One of China’s largest offshore wind EPCI contractors, Huadian Heavy Industries (HHI), has signed a charter agreement for a jack-up vessel that will be able to install wind turbines of up to 20 MW.

CIMC Raffles

According to HHI’s announcement of the charter agreement on the Shanghai Stock Exchange, the vessel that the company will lease for three years is called Huadian Boqiang CIMC Julong 01.

The vessel, currently under construction at CIMC Raffles Yantai shipyard and expected to be delivered in 2023, has been leased from Boqiang Heavy Industry Group for three years for a total of CNY 648 million (a little over EUR 90 million), with an option for the extension of the charter agreement.

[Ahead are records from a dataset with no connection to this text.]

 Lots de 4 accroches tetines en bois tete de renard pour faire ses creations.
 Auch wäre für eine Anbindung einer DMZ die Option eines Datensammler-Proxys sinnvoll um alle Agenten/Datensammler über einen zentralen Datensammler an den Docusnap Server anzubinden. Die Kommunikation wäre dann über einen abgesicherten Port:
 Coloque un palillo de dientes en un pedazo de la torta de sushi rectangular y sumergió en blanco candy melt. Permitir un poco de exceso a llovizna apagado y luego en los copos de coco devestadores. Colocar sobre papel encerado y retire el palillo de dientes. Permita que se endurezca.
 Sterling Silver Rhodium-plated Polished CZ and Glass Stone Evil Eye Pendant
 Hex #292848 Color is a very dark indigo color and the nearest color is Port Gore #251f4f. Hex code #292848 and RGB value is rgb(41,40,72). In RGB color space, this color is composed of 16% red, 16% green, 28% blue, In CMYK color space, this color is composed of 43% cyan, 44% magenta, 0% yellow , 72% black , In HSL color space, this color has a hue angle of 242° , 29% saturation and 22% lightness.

The contract comes a little less than a year after Huadian Heavy Industry, Boqiang Heavy Industry Group, and Yantai CIMC Raffles Offshore Engineering signed an agreement for the “3060 Series Offshore Wind Power Installation Vessel (3060 WTIV) Plan”, a project revolving around development of series of “high-end, efficient, low-cost” offshore wind installation vessels capable of handling wind turbines of up to 20 MW for international projects.

CIMC Raffles

With the signing of the agreement in April last year, CIMC Raffles started building the first in the series of these vessels.

According to the shipbuilder, the vessel features 120-metre-long legs making it able to work in water depths of up to 65 metres.

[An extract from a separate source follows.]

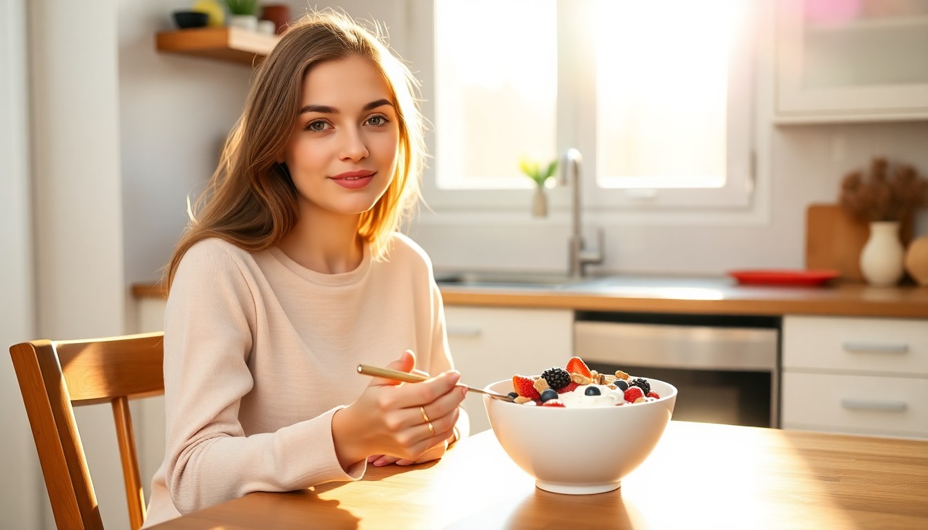 Morgens auf süße Cerealien verzichten — Ersetze Cornflakes oder Marmeladenbrot durch 2 Eier mit Avocado oder einen griechischen Joghurt mit Nüssen. Der Blutzucker bleibt so über Stunden stabil.
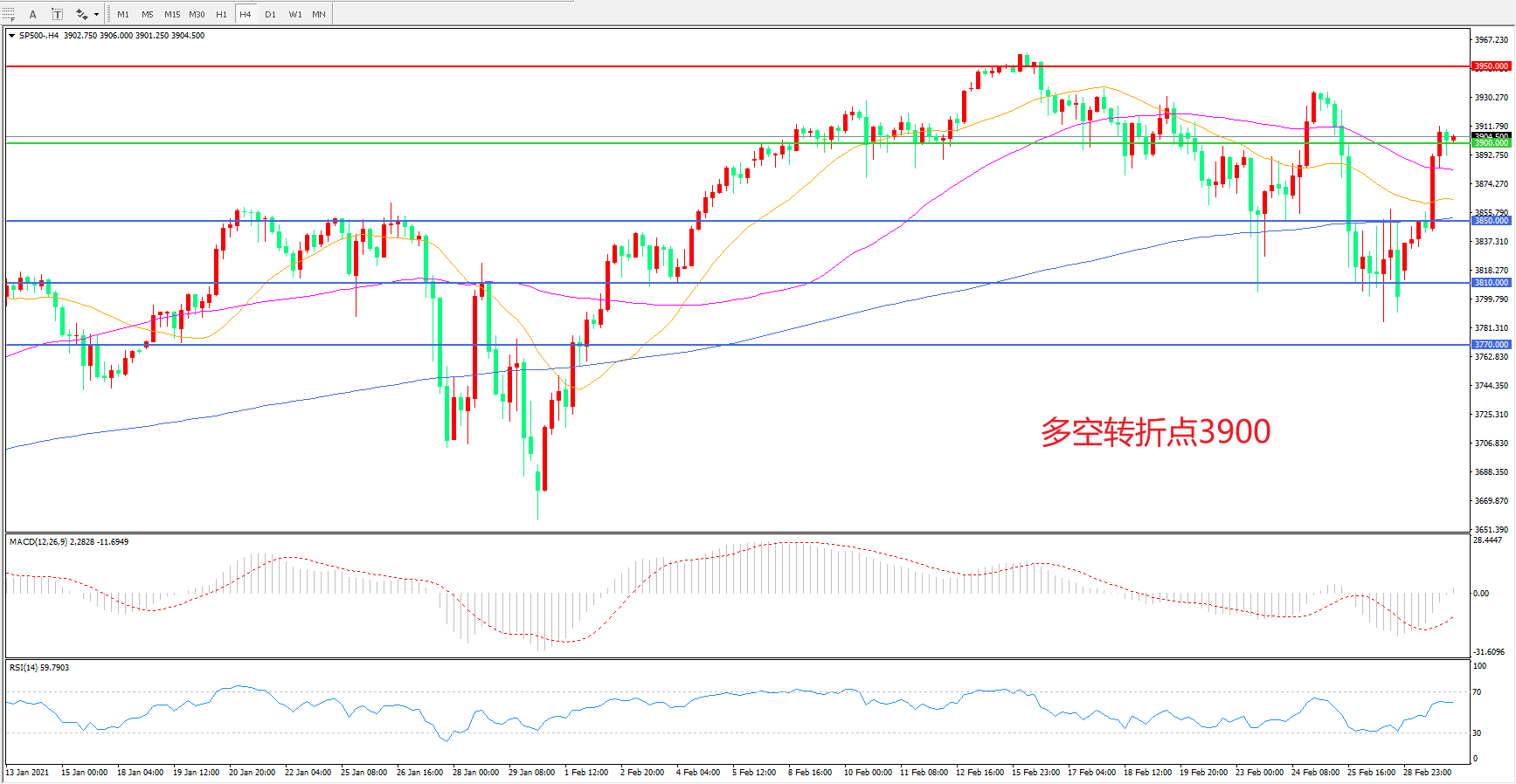 周一(3月1日),因美众议院通过拜登1.9万亿美元的纾困计划,10年期美债收益率下滑,美股在3月第一个交易日强劲反弹,标普500大幅拉升,收报3902.75点。大型科技股中,苹果领跑,Facebook、奈飞、谷歌母公司Alphabet均涨超2%。从目前看,美债收益率还有一定的上升的空间,而如果是较慢的间歇式上涨那么对经济和股市的冲击会小很多。

“The flagship 3060 jack-up, which features 120-metre-long legs making it able to work in water depths down to 65 metres, is slated to be delivered in the first quarter of 2023 from CIMC Raffles, a portside construction yard historically used to build offshore oil & gas platforms and vessels”, CIMC Raffles said in April 2021.

The Chinese shipbuilder is currently busy with one more vessel set to handle wind turbines of up to 20 MW as the Dutch offshore construction company Van Oord ordered a new jack-up in October 2021. The jack-up to be built for Van Oord will be able to run on methanol, which will reduce the vessel’s CO2 footprint by more than 78 per cent.